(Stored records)
--------------------------------------------------
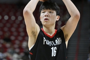 楊瀚森:目前來說好像還沒有。就是跟著大家一起練,在場上有時候有一些不對的地方,大家跟我說,然后我去改正。
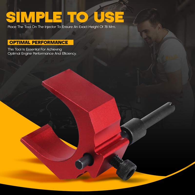 • FUNCTION Injector Height Gauge Tool: it is designed for easy and precise adjustment of injector height in your engine. Simply place the tool on the injector, and it will ensure an exact height of 78 mm. This tool is essential for achieving optimal engine performance and efficiency. Engine Barring Socket: it meshes great with every tooth on the flywheel, perfectly help you save energy to rotate the engine.
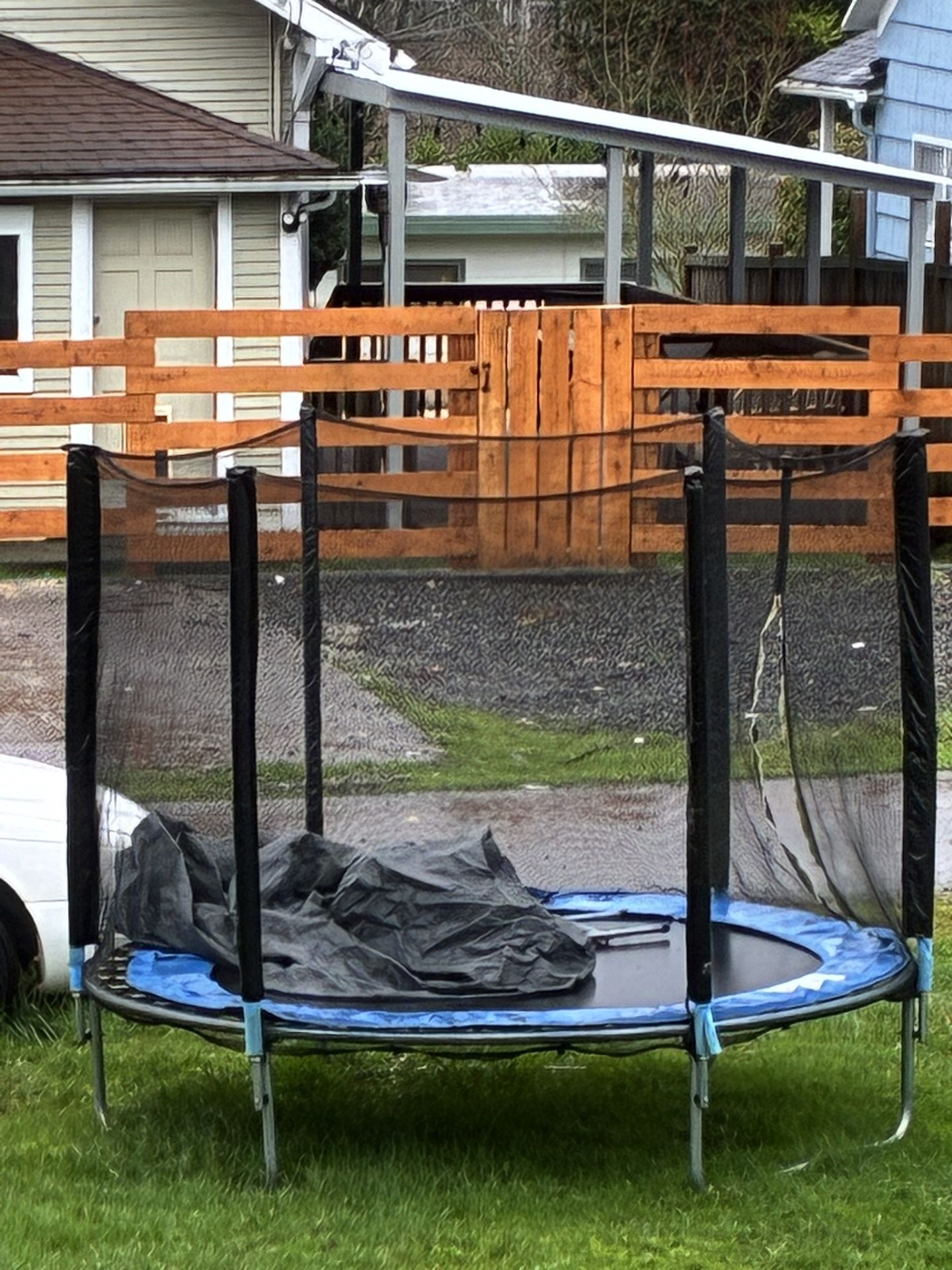Great condition / lightly used. No holes in netting or trampoline floor. All hardware good. No poles are bent.
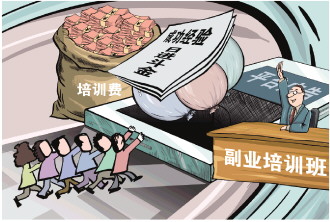 在这样的背景下,副业培训市场快速升温。其中,一些培训机构以“入行门槛低、市场紧缺”“零基础也可以变身××大师”“保底月入过万”等招揽学员,甚至诱导学员贷款支付培训费。而不少学员付费后发现,培训课程敷衍、承诺的派单也没有实现,被割了“韭菜”。
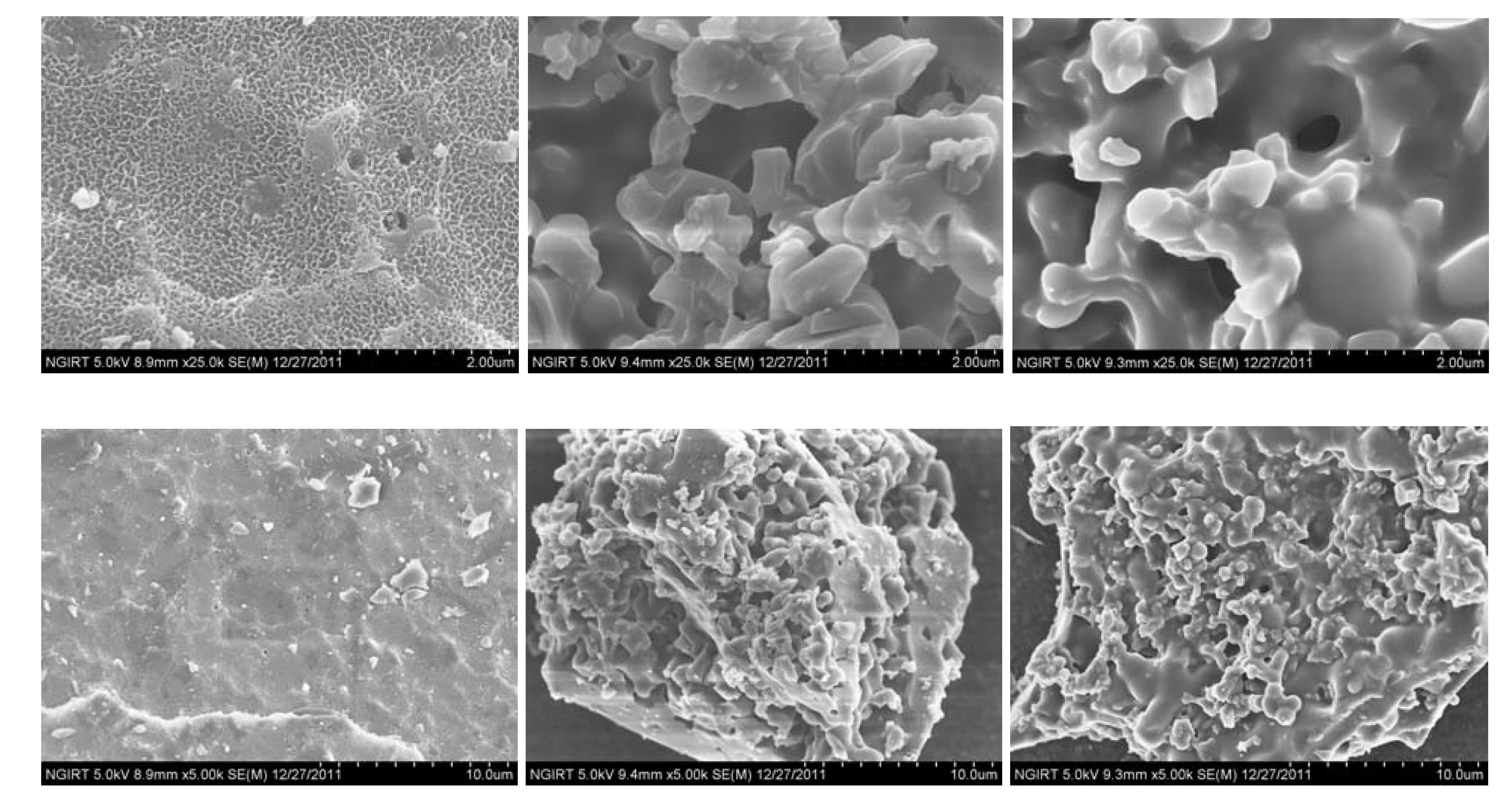 The SEM images of the parent chitosan and the synthesized benzoyl chitosans. The upper images: 25,000 times magnified images; The lower images: 5,000 times magnified images; Left: CTS; middle: CTS-b; right: CTS-m.
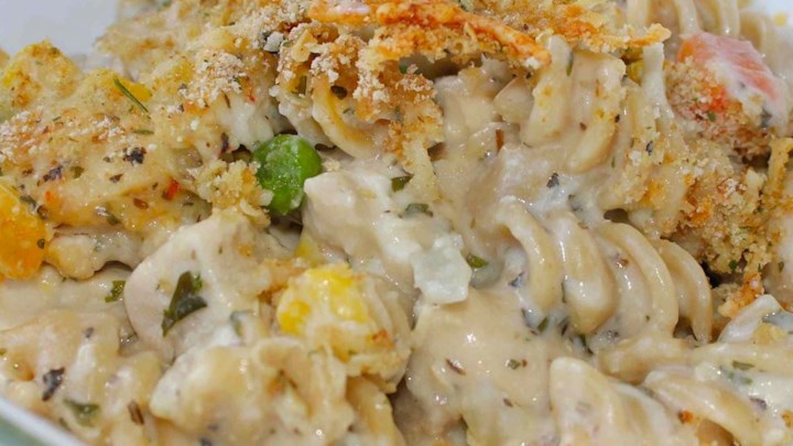 In a small bowl, mix the bread crumbs, Parmesan cheese, and butter. Spread evenly over the casserole.
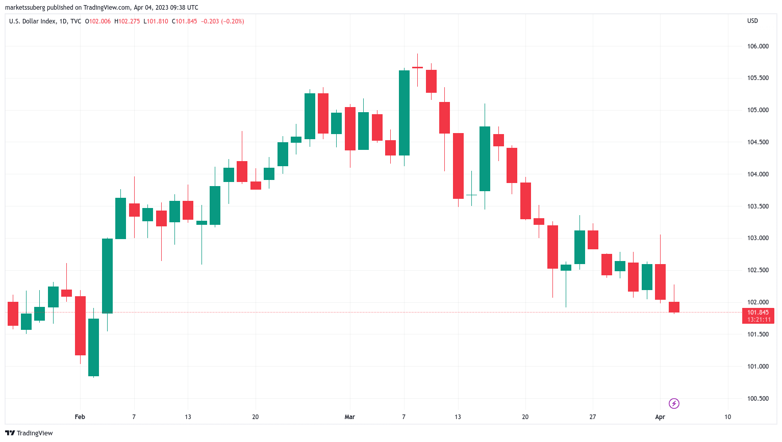 The U.S. dollar index (DXY) was below the 102 mark at the time of writing.
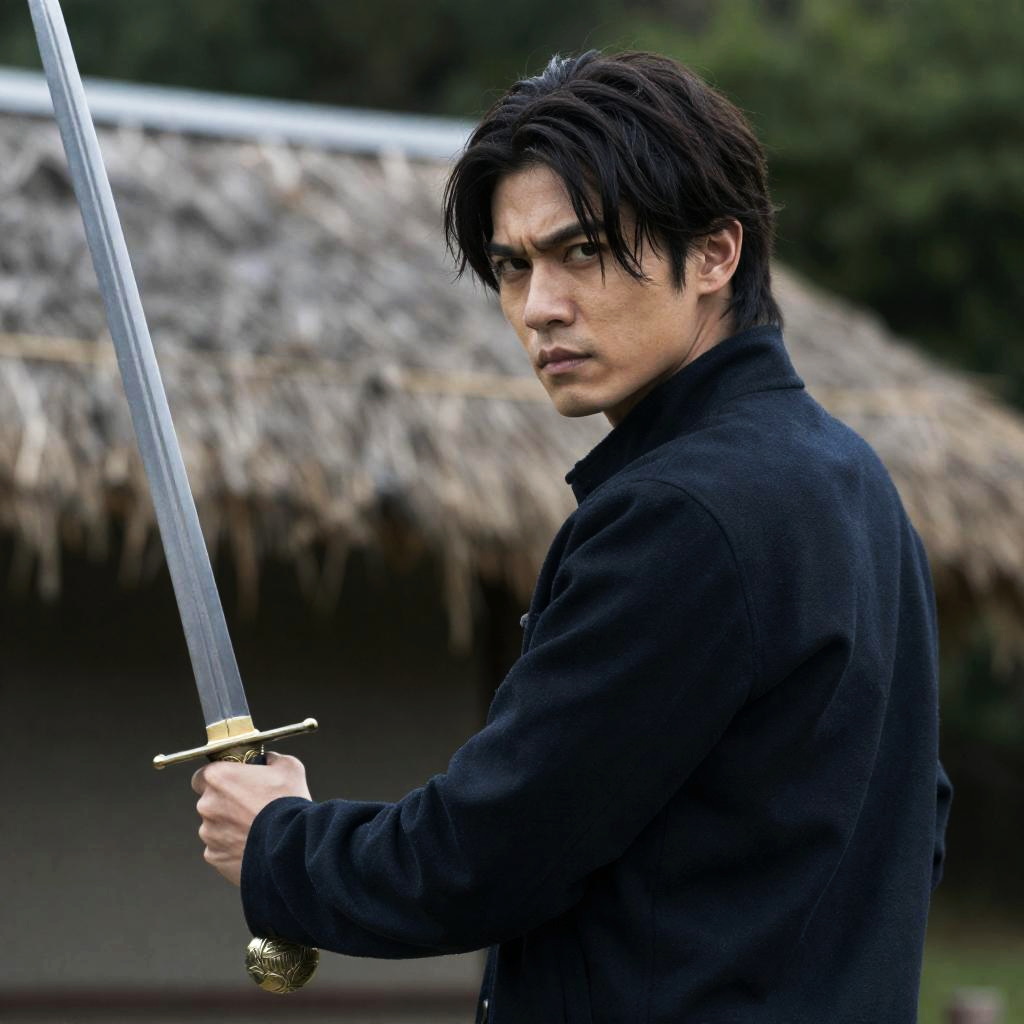 Man with dark hair, holding a sword in his right hand, looking over his shoulder with a determined expression. Wearing a dark jacket, standing in front of a thatched roof. Green foliage in the background. Photographed from the waist up.
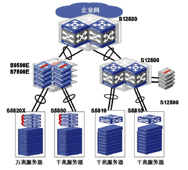 H3C采用基于100G平台的S12500系列交换机作为数据中心核心,汇聚层可以采用S12500或S9500E/S7500E产品,通过集成的防火墙、负载均衡等多业务板卡来实现安全保证和流量均衡。接入层S58系列可以提供高密度的千兆或万兆等丰富的服务器接入方案。
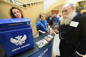Праздничные мероприятия в Михайловском дворце в честь 125-летия со дня своего открытия Русского музея. Реконструкторы в аутентичных костюмах конца XIX столетия во время встречи посетителей.
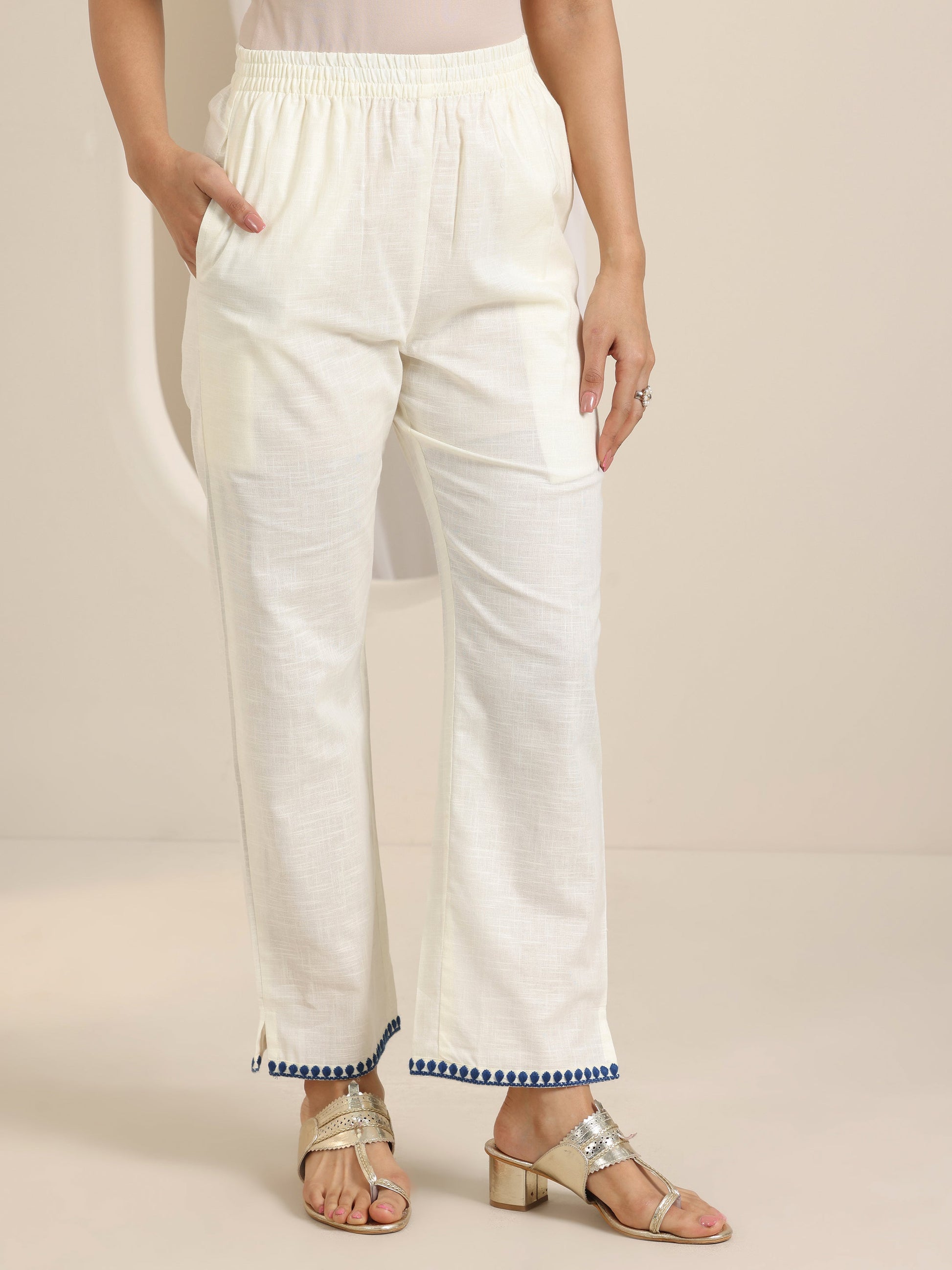 Off White Embroidered Cotton Straight Suit Set With Dupatta
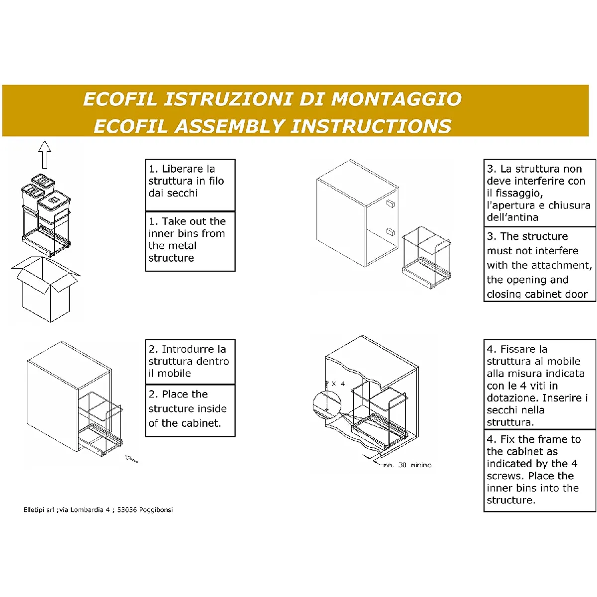 ELLETIPI - - collecteur en fil d'acier et de plastique; compléter avec un guide sur le métal. Ligne de seaux Duch a pensé extrêmement léger et durable pour longtemps et sont conçus pour une polyvalence maximale en tant que concepts-optimisation de l'espace réduit. Les boîtes intérieures avec des couvercles (tous) pour un filtrage sur un total de 18 + 8 + 8 litres. sont insérés fait à (inclus) dans vos casseroles avec bases rapide et facile à installer avec autoforanti cinq vis. Poubelle pour tri sélectif, extractible.
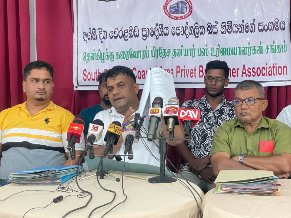 தென்கிழக்கு கரையோரப் பிரதேச தனியார் பஸ் உரிமையாளர்கள் சங்கத்தினால் ஏற்பாடு செய்யப்பட்ட ஊடகவியலாளர் சந்திப்பு இன்று மதியம் அட்டாளைச்சேனை லொயிஸ்ட் ஹோட்டலில் இடம்பெற்றது. இதில் சங்கத்தின் தலைவர் உட்பட நிர்வாக சபையினர் பங்கேற்றனர்.
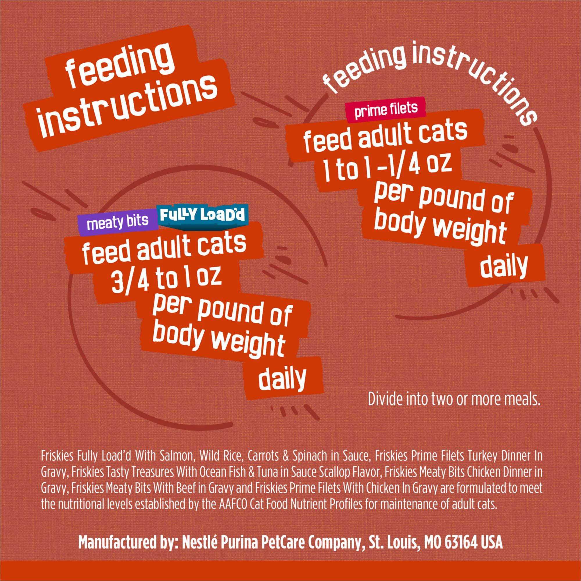Make mealtime fun for your cat with the six exciting recipes in this Purina Friskies Gravy Pleasers Meaty Bits, Fully Load'd, and Prime Filets moist cat food variety pack. This 60 ct. soft cat food assortment is chock-full of yummy recipes cats love in a medley of enticing textures, including Meaty Bits, Fully Loaded, and Prime Filets. The tender, moist cat food bites entice felines to finish every morsel, and real gravy adds flavor to the tasty recipes. This gravy cat food has high-quality protein to support your cat's strong muscles as she runs, pounces, and climbs. Each recipe includes 100% complete and balanced nutrition for adult cats with no artificial colors or preservatives.
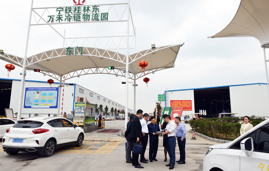 3月18日下午,南寧鐵路局副局長(zhǎng)楊燁,廣西寧鐵物資工業(yè)有限公司黨委書記、董事長(zhǎng)石小東,廣西寧鐵物資工業(yè)有限公司桂林分公司總經(jīng)理陸泉州,南寧鐵路局開發(fā)處處長(zhǎng)鄧順秋等赴寧鐵桂林東萬禾冷鏈物流園,考察寧鐵桂林東萬禾冷鏈物流園三期功能配套建設(shè)相關(guān)工作,桂林萬禾農(nóng)產(chǎn)品有限公司黨總支書記、總經(jīng)理崔萌佳隨行講解。
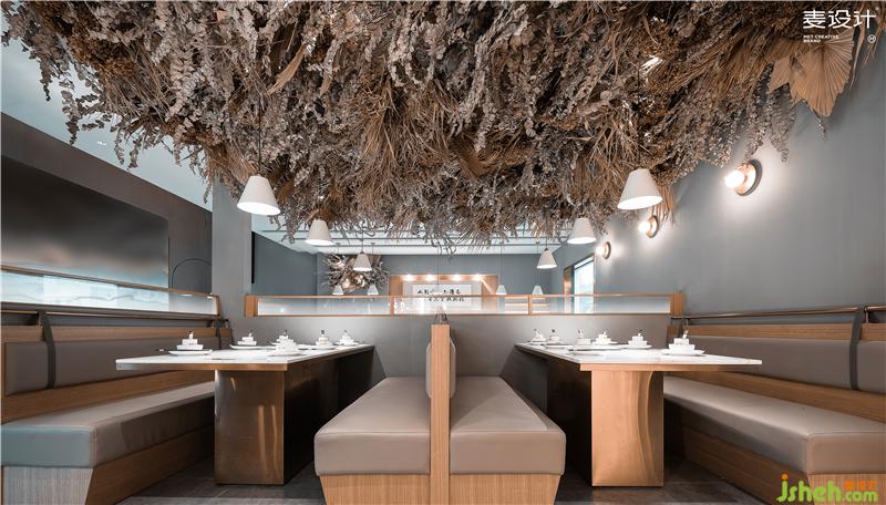 經(jīng)過前臺,置身用餐區(qū)域,空間頂面利用大量干花枝葉垂掛裝飾,與店內(nèi)的藝術(shù)裝置構(gòu)成一幅寫意的畫作,如此帶有復(fù)古情懷的視覺沖擊與場景體驗(yàn)感,令人矚目,引導(dǎo)顧客拍照打卡從而實(shí)現(xiàn)自主傳播的效果金華餐廳設(shè)計(jì)。
--------------------------------------------------
= REQUIRED ACTION =
Beginning with the line above that contains "在这样的背景下,副业培训市场" and finishing with the line that contains "The U.S. dollar", print those lines exactly and only. Skip all pictures.

= ANSWER FOR THE TASK =
 在这样的背景下,副业培训市场快速升温。其中,一些培训机构以“入行门槛低、市场紧缺”“零基础也可以变身××大师”“保底月入过万”等招揽学员,甚至诱导学员贷款支付培训费。而不少学员付费后发现,培训课程敷衍、承诺的派单也没有实现,被割了“韭菜”。
 The SEM images of the parent chitosan and the synthesized benzoyl chitosans. The upper images: 25,000 times magnified images; The lower images: 5,000 times magnified images; Left: CTS; middle: CTS-b; right: CTS-m.
 In a small bowl, mix the bread crumbs, Parmesan cheese, and butter. Spread evenly over the casserole.
 The U.S. dollar index (DXY) was below the 102 mark at the time of writing.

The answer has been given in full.